Where else can you find 20L (44lbs) of coconut oil for $50 - no tax either! 

Woot woot!

http://www.bedessee.com/canada/SOAP.HTM

I believe they are in the states as well for our fellow US soapers.


----------



## robtr31 (Jul 17, 2013)

are they located in Ontario , how was shipping costs or did u pickup thanks


----------



## 100%Natural (Jul 17, 2013)

They are in Toronto, but could be elsewhere. I arranged for my own shipping through Fedex.  The shipping cost was $26.00 including tax and labels - I live in Ontario.  I've been emailing back and forth with the owner about shipping options so I will be interested to see if he can help us cut that cost.

Even with shipping costs, it's still less than what I was paying previously and add in the no tax and I've cut my costs already.

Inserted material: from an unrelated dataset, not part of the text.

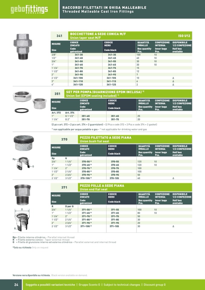 (2 pz x art. 372 + 2 pz x art. 374 + 2 guarnizioni) - (2 Pcs x code 372 + 2 Pcs x code 374 + 2 gasket)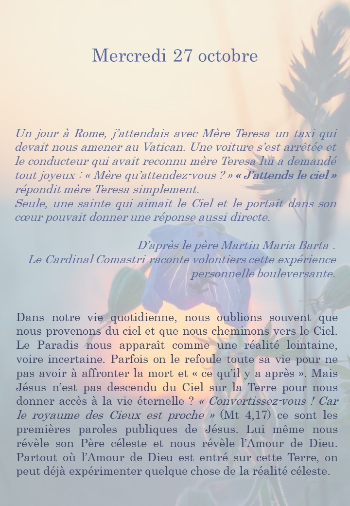 Chaque jour, découvrez une Parole de Dieu ou un texte de Saint.

A bonus to their CO I've noticed is that the soda ash I was getting has all but disappeared and the batter is super smooth compared to other suppliers CO being grainy at times.  No white crust (stearic) on the CO either which was a problem I was having with my previous supplier.  

I'm impressed with the quality and their service and communication has been outstanding.


----------



## HerbalEarthling (Jul 17, 2013)

Hey I was looking at their website and it's kind of a mess but I am in the search for a cheaper coconut oil.  I have been getting mine from Essential Depot and right now, 2 gallons (~15lbs) for around $54 with 1 pound of cocoa butter free (it's a special right now, they arrive broken up a bit which is why I think they are on special).  I don't really like the quality of the coconut oil as it really doesn't have much of a smell to it.  Maybe it's fractionated?  Anywho, I would really love to find cheaper coconut oil than what I'm paying now, but the website has me taken back a bit.  Go for it?


----------



## 100%Natural (Jul 17, 2013)

If you're looking for CO to have a coconut smell in soaping, you likely won't find it and even if you did, the scent would not survive saponification.  CO for soaping is RBD which doesn't have a scent to it.  I would definitely go for it because you'd be hard pressed to find a better deal on a high quality CO.

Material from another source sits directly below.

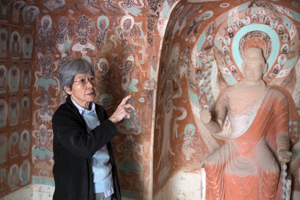 她是敦煌研究院名譽(yù)院長(zhǎng)樊錦詩(shī)。1938年,祖籍杭州的樊錦詩(shī)出生在北京,自1963年大學(xué)畢業(yè)后,她便開(kāi)始了與莫高窟長(zhǎng)達(dá)半個(gè)多世紀(jì)的相守。在她和同事的努力下,莫高窟在1987年成為中國(guó)首批進(jìn)入世界文化遺產(chǎn)名錄的遺產(chǎn)地,并逐步成為世界文化遺產(chǎn)保護(hù)和利用的全球典范。

Once you get around the website, they will email you information and payment options.

A better website would definitely be great, but it was worth the extra step or two to get it.


----------



## dagmar88 (Jul 17, 2013)

HerbalEarthling said:


> I don't really like the quality of the coconut oil as it really doesn't have much of a smell to it.  Maybe it's fractionated?

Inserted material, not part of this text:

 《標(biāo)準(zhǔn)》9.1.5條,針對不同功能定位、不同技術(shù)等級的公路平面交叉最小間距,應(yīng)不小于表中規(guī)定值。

Refined. Fractionated is liquid at room temp.


----------



## judymoody (Jul 17, 2013)

HerbalEarthling said:


> Hey I was looking at their website and it's kind of a mess but I am in the search for a cheaper coconut oil.  I have been getting mine from Essential Depot and right now, 2 gallons (~15lbs) for around $54 with 1 pound of cocoa butter free (it's a special right now, they arrive broken up a bit which is why I think they are on special).  I don't really like the quality of the coconut oil as it really doesn't have much of a smell to it.  Maybe it's fractionated?  Anywho, I would really love to find cheaper coconut oil than what I'm paying now, but the website has me taken back a bit.  Go for it?



You can do better at Soapers' Choice.  A gallon of CO is $13.  3 gallons plus shipping (I put in my old Baltimore zip code) comes to $53.68.

As was said earlier, only virgin CO will have a scent and the lye will kill it.


----------



## bodhi (Jul 17, 2013)

Too bad.  I was sooo hoping for a cheaper non rbd coconut but alas i dont think that will ever happen.  Very impressive that they put it right out there that it is rbd.  That rarely happens so kudos to them.


----------